Cozinha Brasileira · Belo Horizonte, MG

Bifão do Agostinho: o prato que tem nome próprio

Por gastronomizaê 12 de julho de 2023 Preço: alto ⭐⭐⭐⭐☆
Bifão do Agostinho: o prato que tem nome próprio

Quando um prato recebe um nome próprio no cardápio, é porque alguém decidiu que ele tem personalidade suficiente para isso. O Bifão do Agostinho, na Cozinha Santo Antônio, carrega esse nome com justeza.

O corte chega fatiado sobre prato listrado preto e branco com borda dourada — uma louça que tem presença sem gritar. As marcas de grelha estão visíveis nas fatias, aquelas listras paralelas que indicam temperatura alta e contato direto com ferro quente. A carne foi cortada contra as fibras: cada fatia cede limpa, sem rasgar.

Do lado, a farofa amarela — aquela textura solta e úmida que acontece quando a farofa foi feita com manteiga generosa, não com óleo. Legumes assados coloridos completam o prato: o amarelo da abóbora, o roxo da beterraba, o verde de algum brócolis levemente caramelizado nas bordas. A cerveja em taça ao lado não é detalhe — ela é parte da refeição, o refresco necessário para a carne gordurosa.

Um prato com nome próprio carrega uma promessa implícita de que tem dono e tem história. O Bifão do Agostinho não decepciona nenhuma das duas.

A Cozinha Santo Antônio fica no bairro homônimo, em Belo Horizonte — uma região que mistura casas antigas, comércio de bairro e restaurantes que não precisam de circuito turístico para lotar. Esse endereço já informa a proposta: não há esforço para ser visto, há esforço para ser bom. O ambiente é o de quem foi montado para funcionar décadas, não para durar uma temporada.

O bifão em si merece atenção além da apresentação.
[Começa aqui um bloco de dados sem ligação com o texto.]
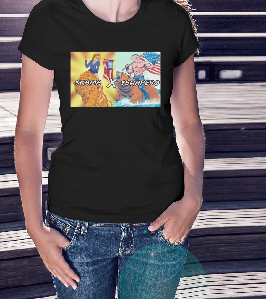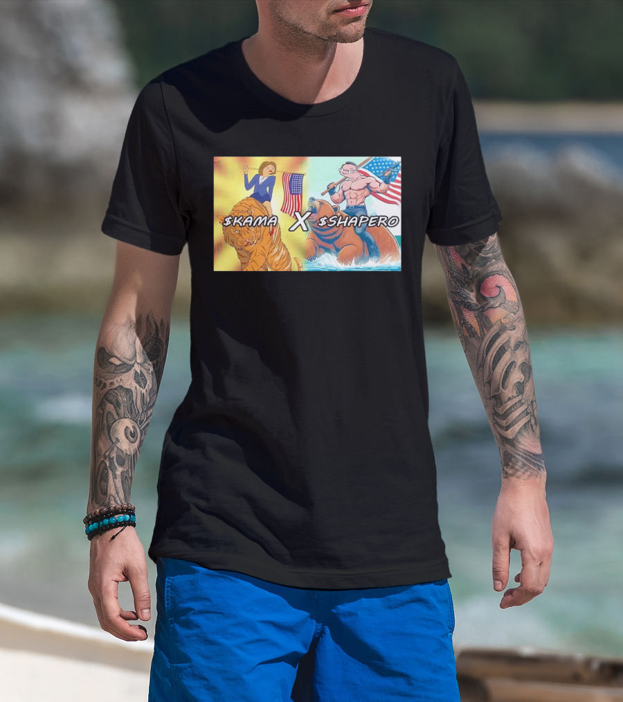Kama X Shapero USA Cartoon Tiger Bear Flag Showdown T-Shirt

A escolha do corte importa — aqui não é contrafilé de vitrine de açougue moderno, é carne com gordura suficiente para sobreviver à grelha sem ressecar. A temperatura certa na chapa é o que separa carne grelhada de carne passada: exterior com cor e crosta, interior ainda com umidade. Esse equilíbrio, que parece simples, é onde a maioria dos restaurantes erra por pressa ou por descuido.
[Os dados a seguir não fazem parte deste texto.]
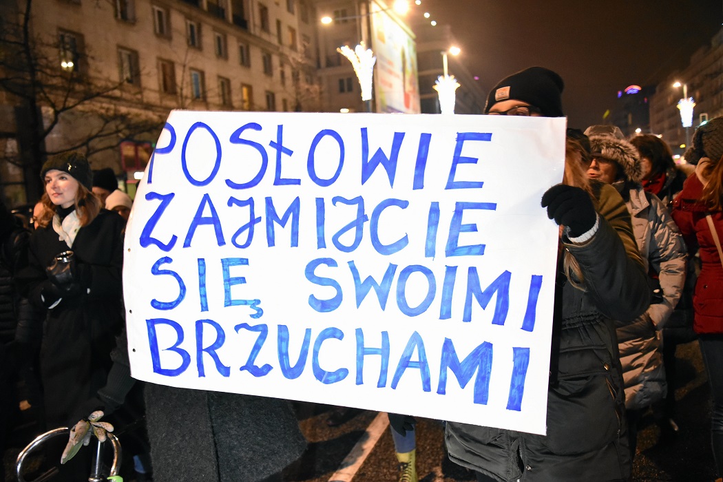 Działaczki Strajku Kobiet postawiły na dynamiczną, nie wiecową formułę, która świetnie się sprawdziła przy minusowej temperaturze. Niemniej nie mogło się obyć bez co najmniej kilku opowieści o Polkach: ciężarnej mieszkance małego miasta, która musi trzyletniej córeczce wyjaśnić swój smutek i traumę po zdiagnozowaniu nieprawidłowości płodu w kolejnej ciąży, młodej kobiety w Polsce, która buntuje się, że jest dla rządzących tylko maszyną do rodzenia, czy o Polsce ogarniętej klerykalizmem. „PiS-ie, będziesz miał krew na rękach” – dramatycznie ostrzegała aktywistka Warszawskiego Strajku i Kongresu Świeckości Bożena Przyłuska przed przyjęciem projektu złożonego przez komitet „Stop aborcji”.
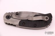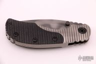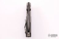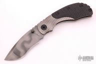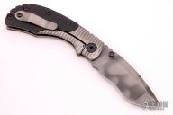 This RCC framelock by Mick Strider features a nightmare grind recurve blade with notched thumbrest and dual thumbstuds. The handle has a titanium frame with black G-10 scales, tumbled titanium backspacer and tip up titanium clip. Nice detent, lockup and blade seating. Has a couple light scratches, otherwise excellent condition.
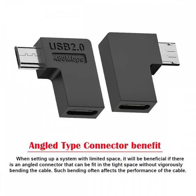 The angled type Allowing you to connect it to a female port, even if space around the port is limited.
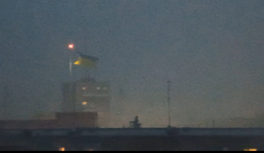 Прапор на майдані Соборному увечері 4 червня під час негоди. Фото читача Житомир.info

A Cozinha Santo Antônio tem a habilidade de tratar carne brasileira com técnica sem apagar a brasilidade. Não há sous-vide aparente, não há o vocabulário importado que às vezes invade as cozinhas contemporâneas sem motivo. Há carne na chapa, farofa e legumes — a santíssima trindade do almoço de domingo elevada a prato de restaurante sem perder a origem.
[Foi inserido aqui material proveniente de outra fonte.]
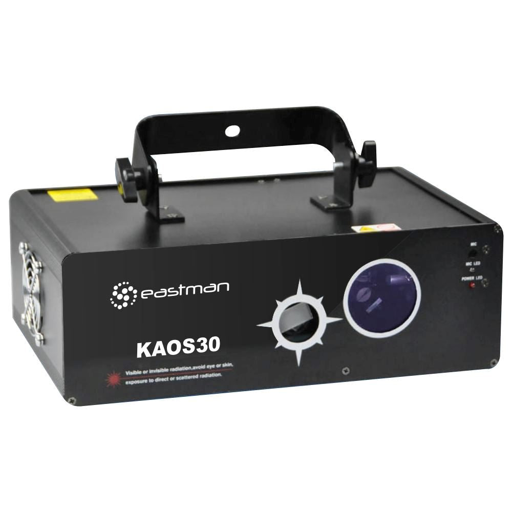 Transforma tus eventos con el impresionante láser multicolor Eastman KAOS30. Este dispositivo combina luces rojas, verdes y azules para crear efectos visuales espectaculares que capturarán la atención de todos.

A farofa merece menção separada. Em muitos restaurantes ela é o acompanhamento que ninguém pediu e ninguém vai notar. Aqui foi pensada: a manteiga que a liga tem presença no sabor, a textura solta indica que foi feita na hora, e os grumos são o sinal de que houve atenção ao processo. Farofa ruim fica seca e sem sabor. Farofa boa vira parte integrante do prato — e aqui, ela vira.

Agostinho, quem quer que seja, seria feliz.